**WHAT YOU SHOULD DO:** Locate the line that contains "Wilmington, delaware, Nov." in the entries below, then repeat it and every following line through the line that contains "中古 民芸家具 上手物", exactly, and no others.

**RECORDS FOR THE EXERCISE:**
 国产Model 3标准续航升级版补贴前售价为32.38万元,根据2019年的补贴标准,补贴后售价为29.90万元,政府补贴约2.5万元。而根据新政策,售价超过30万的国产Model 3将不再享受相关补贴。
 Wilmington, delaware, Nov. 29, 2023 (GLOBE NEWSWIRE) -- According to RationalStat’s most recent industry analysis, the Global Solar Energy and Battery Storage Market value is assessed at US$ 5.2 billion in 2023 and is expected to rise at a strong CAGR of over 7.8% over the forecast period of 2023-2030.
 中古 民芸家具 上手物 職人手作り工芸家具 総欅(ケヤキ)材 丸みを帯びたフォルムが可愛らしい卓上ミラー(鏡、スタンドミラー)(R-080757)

==

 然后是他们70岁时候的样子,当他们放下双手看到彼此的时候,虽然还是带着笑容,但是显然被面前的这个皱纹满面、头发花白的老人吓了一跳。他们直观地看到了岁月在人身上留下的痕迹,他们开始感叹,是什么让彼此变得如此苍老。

==

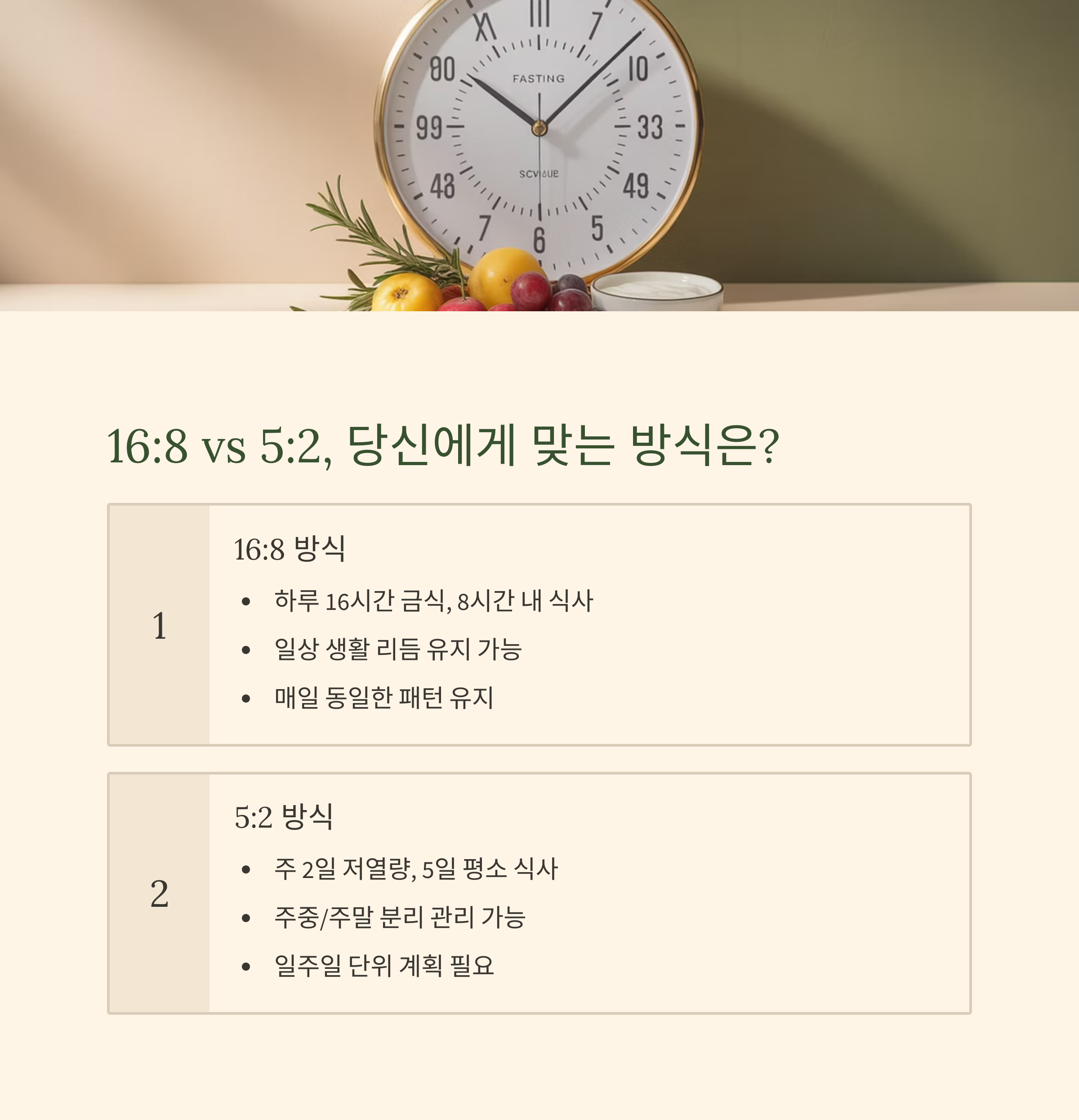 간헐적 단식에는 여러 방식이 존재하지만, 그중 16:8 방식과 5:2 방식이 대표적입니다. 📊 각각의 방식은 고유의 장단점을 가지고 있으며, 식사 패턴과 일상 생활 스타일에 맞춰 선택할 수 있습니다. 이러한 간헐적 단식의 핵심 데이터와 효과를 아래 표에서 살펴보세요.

**EXERCISE RESULT:**
 Wilmington, delaware, Nov. 29, 2023 (GLOBE NEWSWIRE) -- According to RationalStat’s most recent industry analysis, the Global Solar Energy and Battery Storage Market value is assessed at US$ 5.2 billion in 2023 and is expected to rise at a strong CAGR of over 7.8% over the forecast period of 2023-2030.
 中古 民芸家具 上手物 職人手作り工芸家具 総欅(ケヤキ)材 丸みを帯びたフォルムが可愛らしい卓上ミラー(鏡、スタンドミラー)(R-080757)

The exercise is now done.